**DATASET EXTRACT:**
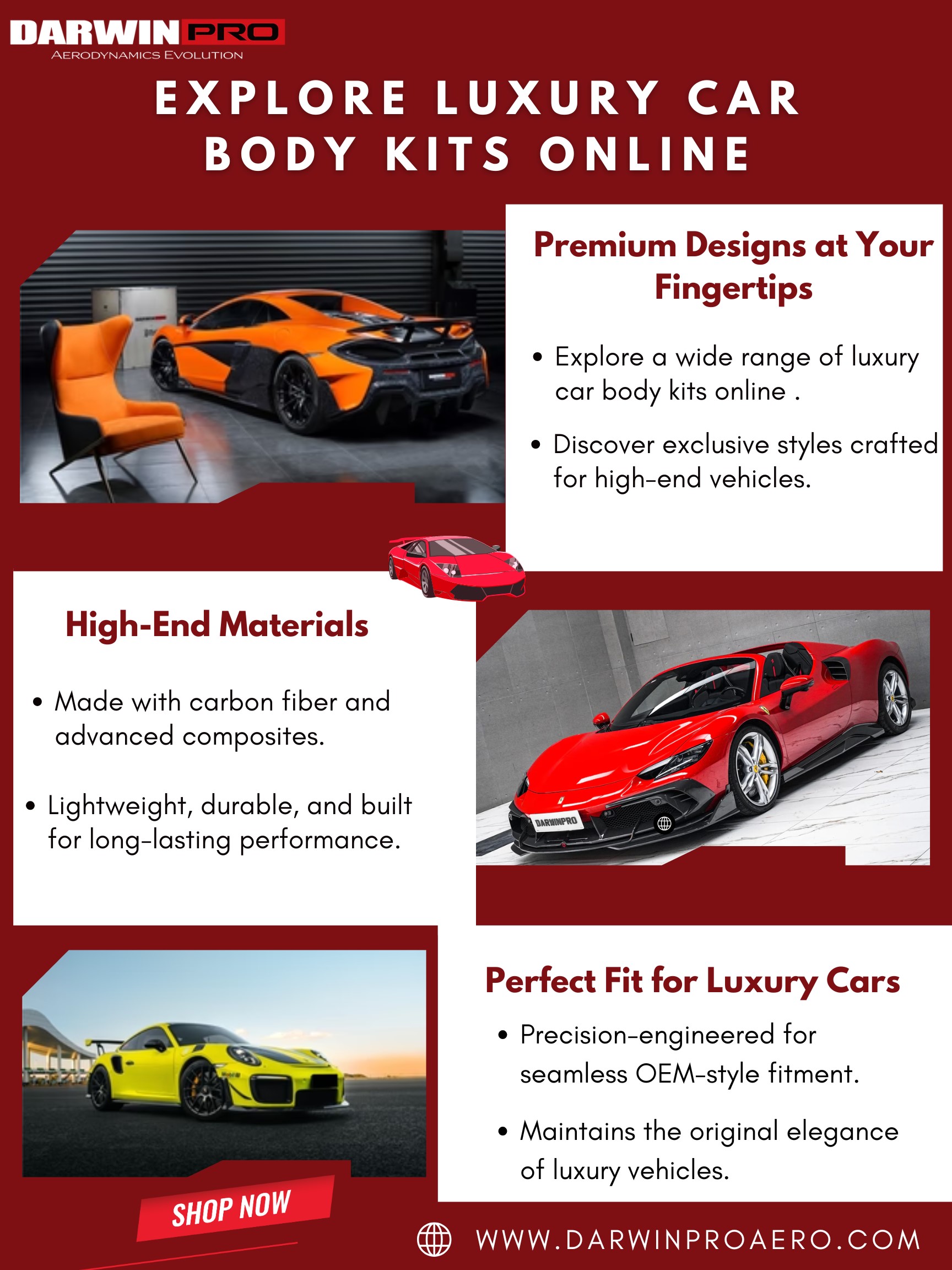 Redefine your car's elegance with our luxury car body kit designed for both aesthetics and practicality. Our high-performance upgrades provide a dominant road presence, aerodynamic efficiency, and streamlined contours. From precision rear diffusers to sculpted front ends, explore high-end options that will enhance your driving experience with speed and sophistication. Shop now! https://darwinproaero.com/
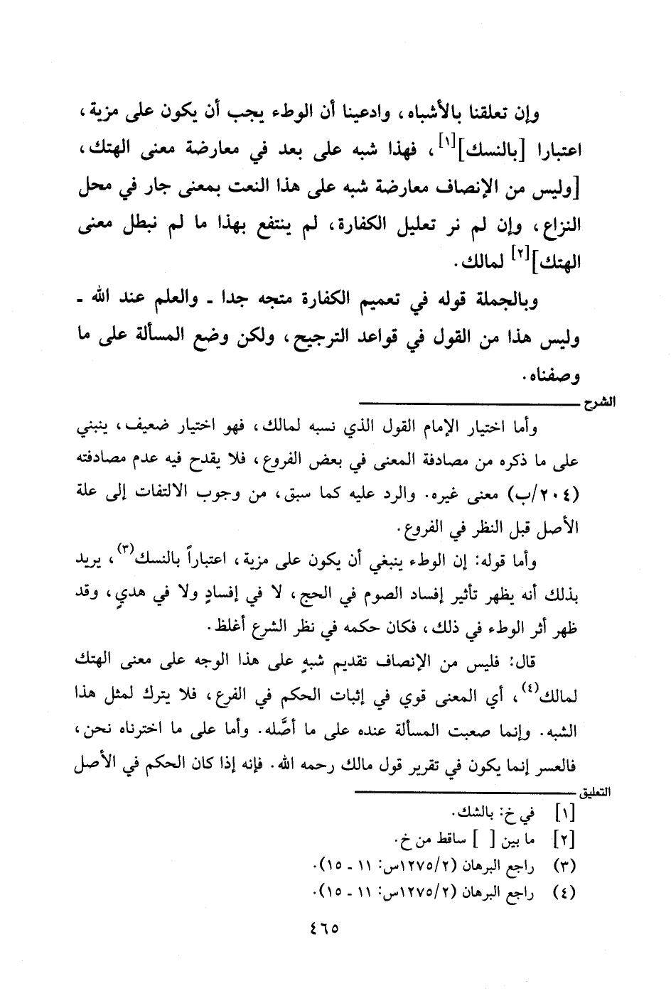قال: فليس من الإنصاف تقديم شبه على هذا الوجه على معنى الهتك لمالك، أي المعنى قوي في إثبات الحكم في الفرع، فلا يترك لمثل هذا الشبه. وإنما صعبت المسألة عنده على ما أصَّله. وأما على ما اخترناه نحن، فالعسر إنما يكون في تقرير قول مالك رحمه الله. فإنه إذا كان الحكم في الأصل
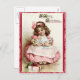 This is a delightful vintage postcard of a sweet little girl in a pink dress. She has a pink bow in her hair and is cradling her pretty doll in her arms. In front of her on the floor is a wrapped Christmas gift. The postcard read: "A Merry Christmas". A gorgeous old Christmas postcard!
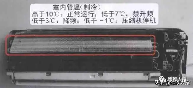 ① 设置目的:制冷时室内风机为低风而压缩机高频运行,蒸发器表面温度不能及时散出,使得吸气管温度变低,容易使压缩机液击损坏,或者运行时蒸发器出现流水声;制热时蒸发器温度太高,容易使压缩机过载损坏。

**PROBLEM STATEMENT:**
What is needed is the data above, retyped exactly, with every picture left out.

**OUTPUT FOR THIS TASK:**
 Redefine your car's elegance with our luxury car body kit designed for both aesthetics and practicality. Our high-performance upgrades provide a dominant road presence, aerodynamic efficiency, and streamlined contours. From precision rear diffusers to sculpted front ends, explore high-end options that will enhance your driving experience with speed and sophistication. Shop now! https://darwinproaero.com/
قال: فليس من الإنصاف تقديم شبه على هذا الوجه على معنى الهتك لمالك، أي المعنى قوي في إثبات الحكم في الفرع، فلا يترك لمثل هذا الشبه. وإنما صعبت المسألة عنده على ما أصَّله. وأما على ما اخترناه نحن، فالعسر إنما يكون في تقرير قول مالك رحمه الله. فإنه إذا كان الحكم في الأصل
 This is a delightful vintage postcard of a sweet little girl in a pink dress. She has a pink bow in her hair and is cradling her pretty doll in her arms. In front of her on the floor is a wrapped Christmas gift. The postcard read: "A Merry Christmas". A gorgeous old Christmas postcard!
 ① 设置目的:制冷时室内风机为低风而压缩机高频运行,蒸发器表面温度不能及时散出,使得吸气管温度变低,容易使压缩机液击损坏,或者运行时蒸发器出现流水声;制热时蒸发器温度太高,容易使压缩机过载损坏。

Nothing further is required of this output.